In case someone is still interested in the patch - here it is.
The slowdown issue is solved in this version.  Given that it
significantly correlates with seccomp patch, I don't expect it to be
applied.  However, if anybody want to discuss it - I don't mind :)

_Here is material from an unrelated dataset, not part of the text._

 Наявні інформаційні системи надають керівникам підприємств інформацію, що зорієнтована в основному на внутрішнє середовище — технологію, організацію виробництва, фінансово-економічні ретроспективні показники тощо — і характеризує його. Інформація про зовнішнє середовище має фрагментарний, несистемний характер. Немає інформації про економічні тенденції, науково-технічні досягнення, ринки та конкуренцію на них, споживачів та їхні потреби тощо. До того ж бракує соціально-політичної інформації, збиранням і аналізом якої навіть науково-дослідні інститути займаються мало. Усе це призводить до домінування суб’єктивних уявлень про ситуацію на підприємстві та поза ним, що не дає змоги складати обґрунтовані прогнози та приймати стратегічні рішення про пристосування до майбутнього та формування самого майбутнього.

================================
Subject: [RFC v2] x86: restrict pid namespaces to 32 or 64 bit syscalls
From: Vasiliy Kulikov <segoon@openwall.com>

This patch allows x86-64 systems with 32 bit syscalls support to lock a
task to 32 or 64 bitness syscalls/tasks.  By denying rarely used
compatibility syscalls it reduces an attack surface for untrusted 
containers.

Two new prctl() commands are introduced: PR_BITNESS_LOCK_ON_EXEC and
PR_BITNESS_LOCK.  PR_BITNESS_LOCK immediately locks the current task to
the current bitness.  The restriction is inherited via fork() and cannot
be removed.  PR_BITNESS_LOCK_ON_EXEC locks the task on the next
execve() call.  It's possible to limit the next execve() to the bitness
of the executed binary or to the specific bitness.  If the specified
bitness differs from the binary bitness, execve() fails.  The flag is
cleared if execve() fails.

After the task is locked to some bitness (1) all syscalls of other bitness
cause sending SIGKILL and (2) loading ELF binaries of another bitness
(or non-ELF binfmt, except scripts) is prohibited (as if the
corresponding CONFIG_BINFMT_*=N).

v2 - Changed interface from sysctl locking a pid namespace to prctl()
     locking current task.
   - Used _TIF_WORK_SYSCALL_ENTRY macros to remove a slowdown of not
     locked tasks.

--
 arch/x86/ia32/ia32entry.S          |   10 +-
 arch/x86/include/asm/elf.h         |    6 +
 arch/x86/include/asm/ptrace.h      |    6 +
 arch/x86/include/asm/thread_info.h |   36 ++++++-
 arch/x86/kernel/Makefile           |    1 +
 arch/x86/kernel/entry_64.S         |    4 +-
 arch/x86/kernel/ptrace.c           |   11 ++-
 arch/x86/kernel/syscall_restrict.c |  200 ++++++++++++++++++++++++++++++++++++
 fs/binfmt_elf.c                    |    7 +-
 fs/binfmt_script.c                 |    2 +-
 fs/exec.c                          |   13 +++
 include/linux/prctl.h              |    3 +
 include/linux/sched.h              |    5 +
 kernel/sys.c                       |    6 +-
 14 files changed, 295 insertions(+), 15 deletions(-)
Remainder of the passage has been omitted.